Armin Ghobadi, MD, professor, medicine, Oncology, Section of Bone Marrow Transplant; clinical director, Center for Gene and Cellular Immunotherapy, Siteman Cancer Center, Washington University, discusses key findings from the phase 2 portion of a phase 1/2 trial (NCT04984356) evaluating WU-CART-007 (WT-7), an investigational CD7-targeted CAR T-cell therapy, in heavily pretreated patients with relapsed/refractory T-cell acute lymphoblastic leukemia (T-ALL) and lymphoblastic lymphoma (LBL).

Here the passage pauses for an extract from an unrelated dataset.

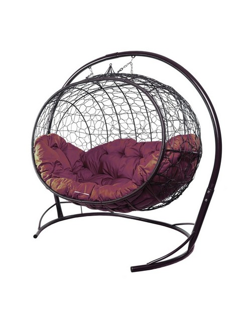 Подвесной диван УЛЕЙ с ротангом (коричневый с бордовой подушкой)
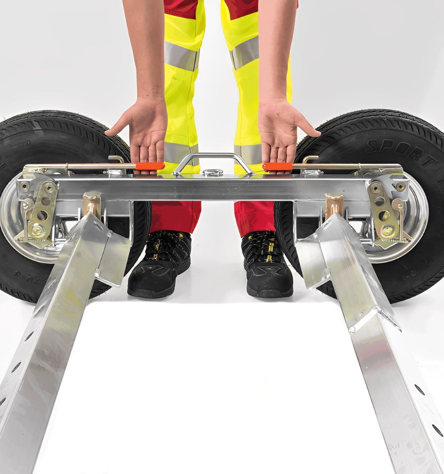 Les deux cadres de roues du chariot dolly se transportent facilement grâce à la poignée centrale.

Results presented at the 2024 ASH Annual Meeting showed that the safety profile of WT-7 was consistent with expectations for this patient population, Ghobadi begins. Cytokine release syndrome (CRS) was reported in 69% of patients, with grade 3 events occurring in 31%. All instances of CRS were effectively managed and resolved, he states. Immune effector cell–associated neurotoxicity syndrome (ICANS) was uncommon; grade 1 or 2 events were reported in 8% of patients, and no instances of grade 3 or higher ICANS were observed, Ghobadi adds. Graft-vs-host disease (GVHD) was infrequent; only one case of transient GVHD was reported and subsequently resolved with treatment, he notes. These findings suggest WT-7 is a feasible therapeutic option for this high-risk population, Ghobadi says.
In terms of efficacy, patients treated with WT-7 (n = 11) experienced an overall response rate of 91% and a composite complete response (CR) rate of 73%, Ghobadi reports. The CR rate was 55%. These results are notable given the limited options available for this population, where nelarabine is the only FDA-approved therapy in the second-line setting, he explains.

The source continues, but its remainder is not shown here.